Keempat, selain menentukan titik kumpul, juga perlu disepakati waktu kumpulnya. Jangan sampai sebagian jemaah asyik menjalankan ibadah, sementara yang lainnya diminta menunggu. Kecepatan masing-masing jemaah dalam menjalani thawaf berbeda-beda.
Namun, baik yang cepat maupun yang lambat, masing-masing harus memahami kepentingan bersama. Di Zamzam Tower terdapat sebuah jam besar yang jadi penanda waktu yang menjadi panduan, jika jemaah tidak membawa jam tangan.
Kelima, jangan paksakan baca buku doa. Beberapa kasus jemaah terpisah terjadi karena selama menjalani thawaf, mereka membaca doa-doa tertentu yang ada di buku atau sekarang dengan mudah diakses melalui HP. Karena fokus pada bacaan, mereka terlepas dari rombongan. Jemaah dapat membaca talbiyah atau bacaan lain yang baik.
Keenam, menggunakan seragam.

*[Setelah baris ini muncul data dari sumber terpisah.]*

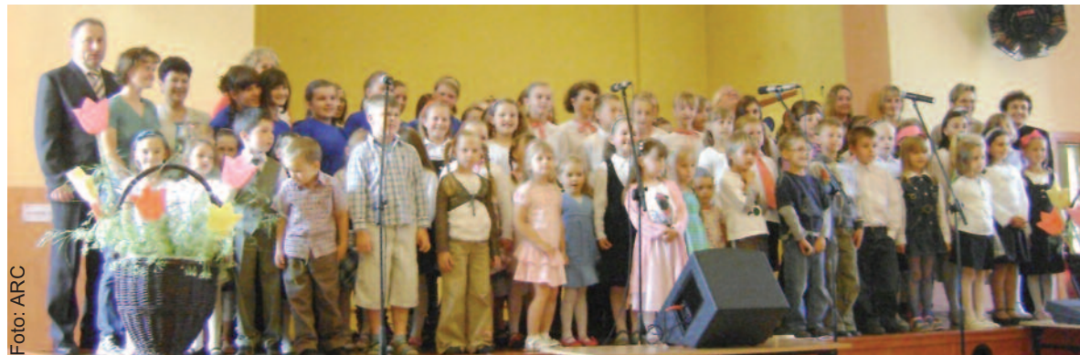
Dzieci i młodzież z terenu gminy Wielowieś wyjątkowo licznie i chętnie uczestniczą w zajęciach chórów.

Narodowe Centrum Kultury zarządza programem przy pomocy partnera, jakim jest Międzynarodowy Festiwal „Wratlavia Cantans” oraz dzięki zespołowi koordynatorów regionalnych. Stałymi formami działalności w ramach programu są m. in.: dodatkowe lekcje śpiewu, comiesięczne spotkania dyrygentów, warsztaty dla osób prowadzących chóry oraz doroczne przeglądy chórów szkolnych. Opiekę merytoryczną i metodyczną zapewnia Minister Kultury i Dziedzictwa Narodowego przy finansowym wsparciu samorządów lokalnych. (IEM)
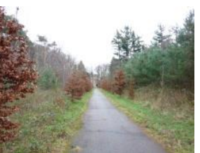
Zichtlijn naar het zorg hotel
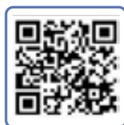
鲜文大学 韩国语 教育院 网上报名 QR码

开学前取消注册时, 除入学管理费以外的学费(学费) 全额退款, 开学后自动退学时, 按照学费退款规定进行退款。
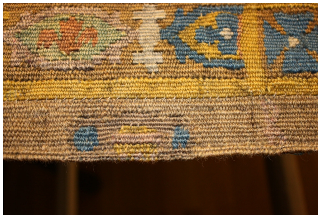
Obr. 8. Znak Audenarde, stav po restaurování.

Vzhledem k možnému poškození originálních vláken nebylo k rozpuštění lepidel použito ani chemických rozpouštědel. Restaurátorky proto k odstranění lepidla využily regulovaného tepla v kombinaci s citlivým naměkčováním lepidla etanolem a mechanickým dočištěním. Po vyčištění a vyrovnání tapiserie byl připraven celoplošný nosný skelet (sepraná lněná tkanina). Veškerá poškozená místa byla řešena zcela reverzibilní metodou šité integrační retuše. Nefunkční a nevhodné vysprávkky byly odstraněny, poškozené osnovy a chybějící útky byly doplněny a fixovány, rozvolněné rozparky byly zpevněny. V místech po lepených plombách (jen výjimečně byly ponechány) byly chybějící osnovy nahrazeny a doplněny šitými útky. Odstřížené lemy byly po odstranění nalepené pásky doplněny osnovami a dotkány do dochované šířky. V rubu byla tapiserie podložena novou podšívkou, jejíž horní třetina byla prošitím svislých švů spojena s tapiserií. 24
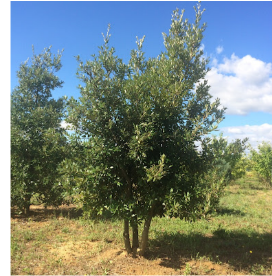
● Quercus ilex (chêne vert) - Force : 25-30 Hauteur : 250/300 Quantité : 7 u.
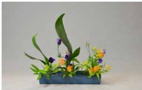
Ikebana-Arrangement von C. Hamer
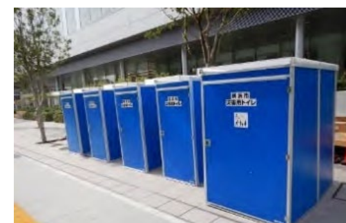
下水道直結トイレ (ハマッコトイレ)
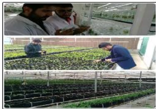
بازدید و نمونه برداری از گیاهان کشت بافت شرکت کشت بافت گیاهان دارویی آسیا
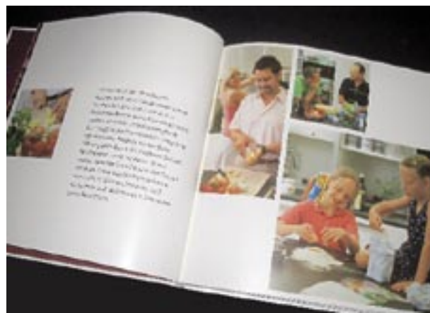
Das neue olina Küchenbuch
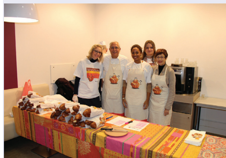
Sagen Eragny - 21 novembre 013
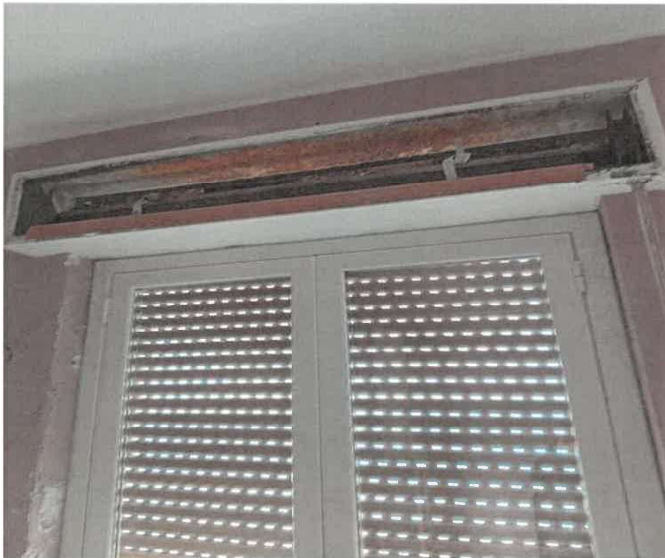
Foto n.ro 12- infissi salone
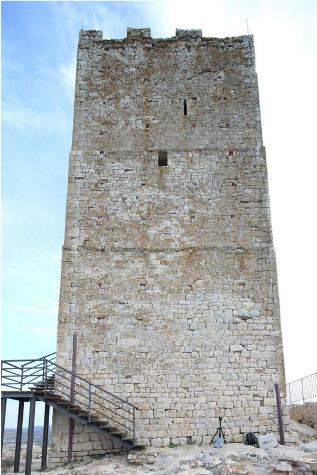
Fig. 4 - Le côté nord de la tour : on aperçoit dans le parement du mur les redents qui marquent les trois niveaux du bâtiment.
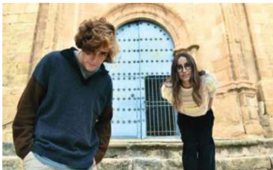
Zahara y guitarricadelafuente en Cuevas de Cañart.

El programa se emitirá próximamente en #0 de Movistar+.
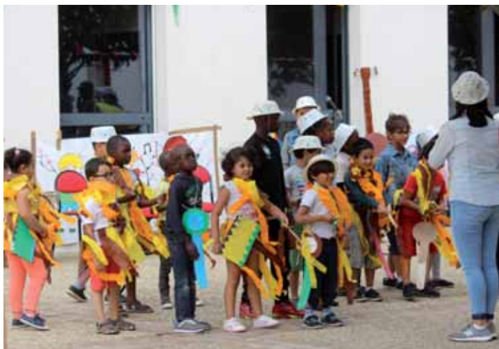
Les accueils de loisirs ont bien fêté la fin des vacances d'été.
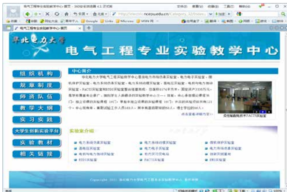
图 1 电气工程实验教学中心网站

中心网站： http://electric.ncepu.edu.cn/dqgc/

Ini secara khusus gampang bagi jemaah perempuan. Sejumlah rombongan menggunakan seragam jilbab dengan warna tertentu, sehingga bisa dilihat dari jauh, baik bagi jemaah yang terlepas dari rombongannya untuk kembali berkumpul, atau bagi ketua rombongan untuk mencari jemaahnya yang tertinnggal.
Ketujuh, membawa alat komunikasi. Dengan membawa ponsel, anggota jemaah yang terlepas atau ketua rombongan bisa saling menghubungi. Bahkan, bisa membuat panggilan video untuk mengetahui posisi masing-masing dan mengarahkan titik kumpul terdekat yang paling memungkinkan.
Sebelum berangkat, jangan lupa mengisi HP dengan paket haji, karena akan terkena roaming selama di Arab Saudi dengan tarif mahal jika menggunakan paket normal. Nomor telepon lokal Arab Saudi juga bisa dibeli dengan menunjukkan paspor.
Kedelapan, menghubungi petugas. Jika rombongan sudah pergi lebih dulu karena terlalu lama menunggu atau sebagian sudah terlalu capek sehingga butuh istirahat, maka jemaah yang tertinggal dapat menghubungi petugas haji berseragam yang akan membantu, baik di dalam area mataf (area tawaf) maupun di luarnya.
Sedangkan, di dalam mataf, terdapat srikandi yang membantu. Pilihan petugas perempuan ini dikarenakan mereka dapat masuk ke area mataf dengan menggunakan seragam petugas haji.
Sementara jemaah laki-laki yang diizinkan ke area mataf hanya yang menggunakan baju ihram. Petugas perlindungan jemaah (Linjam) dari sektor khusus Masjidil Haram terus mengawasi area tersebut, untuk memastikan keamanan jemaah haji Indonesia.